The UCSC/BYU diagnostic tool requires little sample preparation and is completely amplification-free. It is also label-free, dramatically cutting the time and complexity of the diagnosis process.
For this study, the researchers used biofluids including saliva and blood from baboons and marmosets at Texas Biomedical Research Institute. To run the test, a sample of biofluid is mixed in a container with magnetic microbeads. The microbeads are designed with a matching RNA sequence to the disease for which the test is designed to detect. If a virus is present in the sample, the virus's RNA will bind to the beads.
After a brief waiting period, the testers pulls the magnetic beads down to the bottom of the container and washes everything else out. The beads are put into a silicon microfluidics chip, designed and fabricated by the BYU researchers, where they flow through a channel covered by an ultra-thin membrane. The beads get caught in a light beam that pushes them against a wall in the channel, which contains a nanopore, an opening just 20 nm across. For comparison, a human hair is about 80,000 - 100,000 nm wide.
The testers then apply heat to the chip, which makes the RNA particles come off the beads and get sucked into the nanopore, which detects that the virus RNA is present.
The microfluidics chip in the BYU cleanroom. Biofluid is mixed with magnetic microbeads with the RNA sequence of the virus to-be detected and placed onto the chip in the operation of the UCSC/BYU platform. Courtesy of BYU/Mark Philbrick.
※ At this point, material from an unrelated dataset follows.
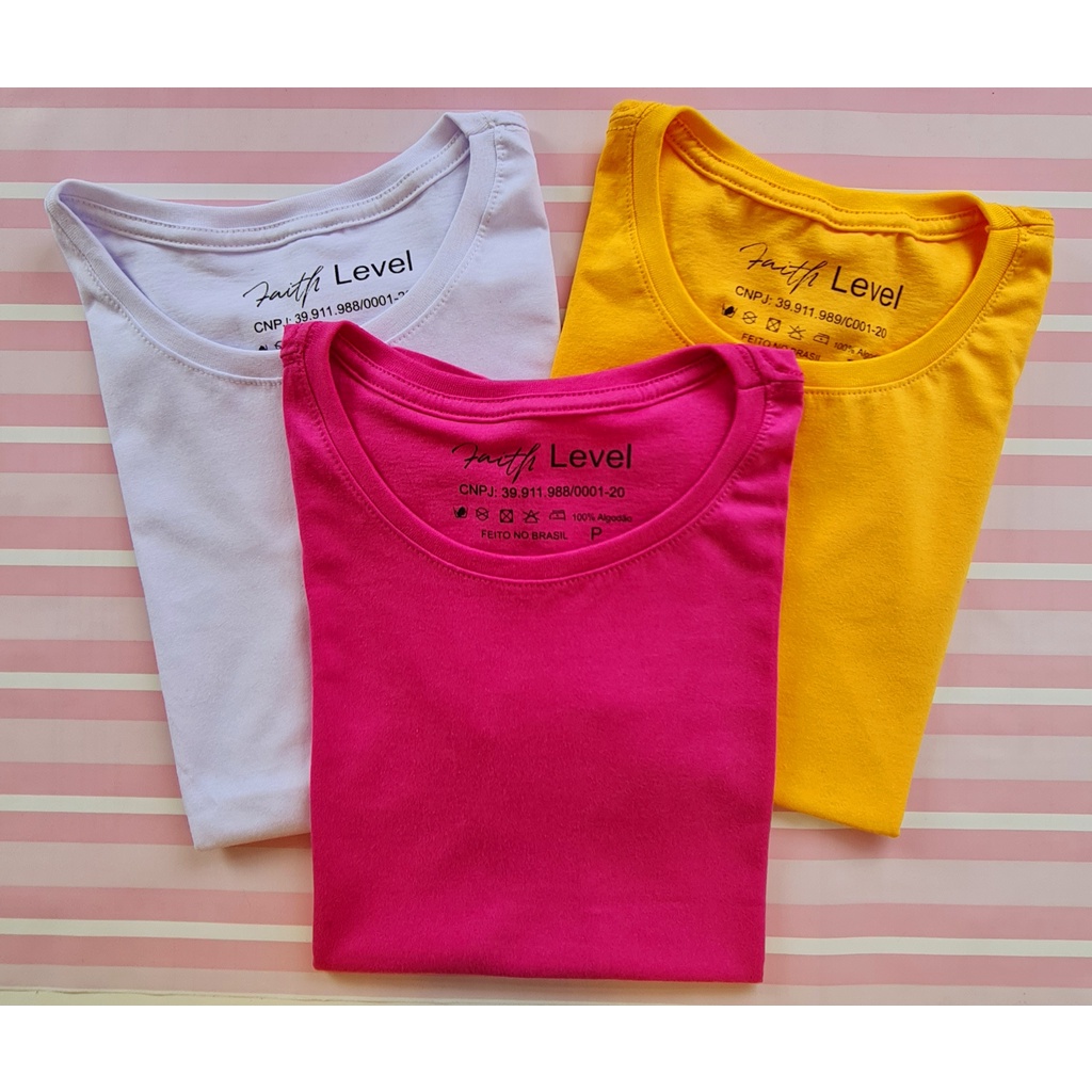 Kit 3 Camiseta Basíca Cores Iguais T-Shirt Feminina 100% Algodão Lisa Promoção Gola Redonda - Promoção Frete Grátis

According to the researchers, an approach that combines the low-complexity of label- and amplification-free sensing with such a low limit of detection and wide dynamic range in a portable lab-on-chip format has not previously been demonstrated in clinical samples. "Direct single-molecule detection with integrated electrical nanopore sensors can meet this need," the researchers said, in the research paper.
If their concept is brought to market as a product, the researchers believe its compact size could easily fit in a researcher’s lab, enabling much faster results for virology testing, increasing testing accessibility, and speeding up the time to results from days to hours. In addition, the researchers believe that they could adjust their platform to find any virus for which they have a genetic sample. They plan to further simplify and miniaturize the system, and aim to enable it to test for multiple types of disease at once, a feature called disease multiplexing.
The research was published in Proceedings of the National Academy of Sciences (www.doi.org/10.1073/pnas.2400203121).